This programme is written for sorting a file by using a multithreading technique. This programme uses two sorting techniques: the Bucket sort and any stable sort that can sort in a specific column. This programme has four processes: file reading, buckets swapping, local sorting, and file writing.
The first process is reading a file. Data will be read and buffered into a two-dimensional vector. The first dimension represents rows or lines of the file. The second dimension represents characters in each line. Vector is allocated in advance, and the allocation size roughly is the number of rows in the file.
For example, given file input.csv
USR:cxm,03d
USR:lsk,03d
will be converted to
{
{'U'}, {'S'}, {'R'}, {':'}, {'c'}, {'x'}, {'m'}. {','}, {'0'}, {'3'}, {'d'},
{'U'}, {'S'}, {'R'}, {':'}, {'l'}, {'s'}, {'k'}. {','}, {'0'}, {'3'}, {'d'}
}
After the file was read and converted into the two-dimensional vector, each row of the vector will be partitioned into buckets by considering the iteration of each column. The first iteration, the last index of CUID, will be regarded for distributing into buckets. Also, the second last index of CUID will be considered for the second iteration.
The number of buckets will be considered by the number of threads equal to the cores. The first bucket will contain only numbers 0-9, and the others will equally have 26/(number_of_bucket - 1).
For example, if there are 4 cores, there will be 4 buckets:
- The first bucket contains
0-9
- The second bucket contains
a-h
- The third bucket contains
i-p
- The last one contains
q-z
A secondary index is introduced to optimise a memory usage, which is buckets_index
. buckets_index
is an array that points to the last index of each bucket.
For example,
vector<int> buckets_index { 2, 5, 7, 19 };
The last row's index of the first bucket is 2, and the last row's index of the second bucket is 5.

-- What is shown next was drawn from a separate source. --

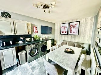 Fitted with a range of matching base and eye-level units and fitted contrasting worktop space, an inset stainless steel sink unit and a mixer tap, gas point and space for a cooker with fitted extractor fan, space and plumbing for a washing machine and dryer, space for a fridge/freezer. Laminate flooring, plug points, radiator, built-in storage and a double-glazed window.

Local sort is an element sorting in the bucket by swapping rows in the bucket in ascending order. Each thread will process only one bucket. After characters are distributed into buckets, threads will be mapped to a bucket. Then, threads will start to sort concerning an iteration number. For example, the first iteration will sort the last position of CUID.
The programme will convert a two-dimensional vector into a file. The first dimension of the vector will be the file's row, and the second dimension of the vector will be a column. The file will be written sequentially.
- C++ 17
- GCC Compiler
- 500MB of Memory (at least for 1m rows)
- Use terminal
g++ -std=c++17 ./src/index.cpp -pthread -o ./.src/index && ./.src/index
- Use shell script
./run.sh
- Use docker-compose
docker-compose up
Configuaration can be done in config.hpp
file
Varaiable | Description |
---|---|
START_INDEX | The first index of CUID |
ALLOC_ROW_SIZE | A number of file's row. Used for vector's allocation |
ALLOC_COL_SIZE | The length of each row. Used for vector's allocation |
FILE_IN | The name of an input file with extension |
FILE_OUT | The name of an output file with extension |